Secondly, standards and procedures of the contests have to be established and kinks therein worked out. Why? Because these conflicts from within each houseguests psyche have to be brought to the surface. The producers, in all likelihood, thru the various competitions for food and power, try to put the houseguests in a situation that best help tell the story. Look back at Big Brother 3, and when Amy Crews won the "Power of Veto" in a competition that mocked charm schools. Now, knowing as the producers must have known, that Amy was big into beauty pageants, who the hell else was going to win that game? Why? Because Roddy Mancuso and Amy were the nominees, and due to a promise Amy agreed to keep with Roddy earlier in the game, it would draw Amy into a position where she had to decide whether to keep her word or save her own hinny. Amy chose self preservation, Roddy could not hide his anger, and it threw Miss Crews into shockwaves of self guilt.
That brings me to third element, that of storylines used for presentation in the television show. I'm not going to say that some of the conflicts presented in the game aren't real. I believe they are. But there are instances where the producers present an idea to the houseguests to act out. Take for instance the "date" Eric and Lisa had in the Big Brother 3 house. Or some of the antics that went on in the original Big Brother. These were activities designed by the producers to keep these houseguests busy. The houseguests, in all likelihood, didn't think of them themselves. If they did, they'd probably have to get production credits and have SAG cards.

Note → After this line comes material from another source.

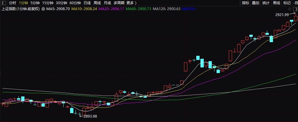 11月22日早盘的市场大概是这样的:以下是上证指数的1分钟分时K线。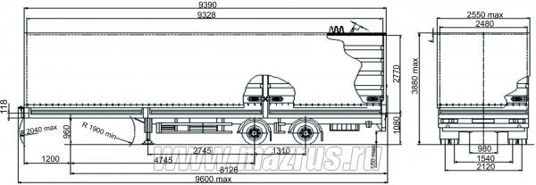 | Размеры, мм | 9600х2550х3380 |

Then there's the way all of us Computer savvy people keep up with the show, thru the live feeds. As each year of Big Brother has progressed, I begin to wonder more and more if the live feeds are merely the cigarettes that are there to feed the nicotine habit of information we as fans crave. The focus of the Big Brother experience shifted from the Internet to television when Arnold Shapiro Productions took over the show.
Love him or hate him, Arnold understands his audience. His 1978 documentary "Scared Straight" probably inspired several prison corrections programs to reach out to schools all over America to go to the kids to try to discourage them from future lives of crime by the brutal honesty of prison life. And while Big Brother continues to be a variation of the once-a-year social experiment, the show tries to cater to the needs of the ever changing Reality TV palette. This doesn't stop critics from thinking the progression of the Big Brother series in America is actually a regression, kind of like a tooth that doesn't get proper flossing.
Lastly, there is what I like to call the "hidden game" of Big Brother. When you open it up, you are really opening up a Pandora's Box of questions that are not easy at all to answer. What goes on in that Diary Room that we don't see? Why is it the people who've made "The Smoking Gun" have never won the game? Why did Brandon Showalter get kicked out at the last second? Why haven't any of the Big Brother contestants gone on to bigger things?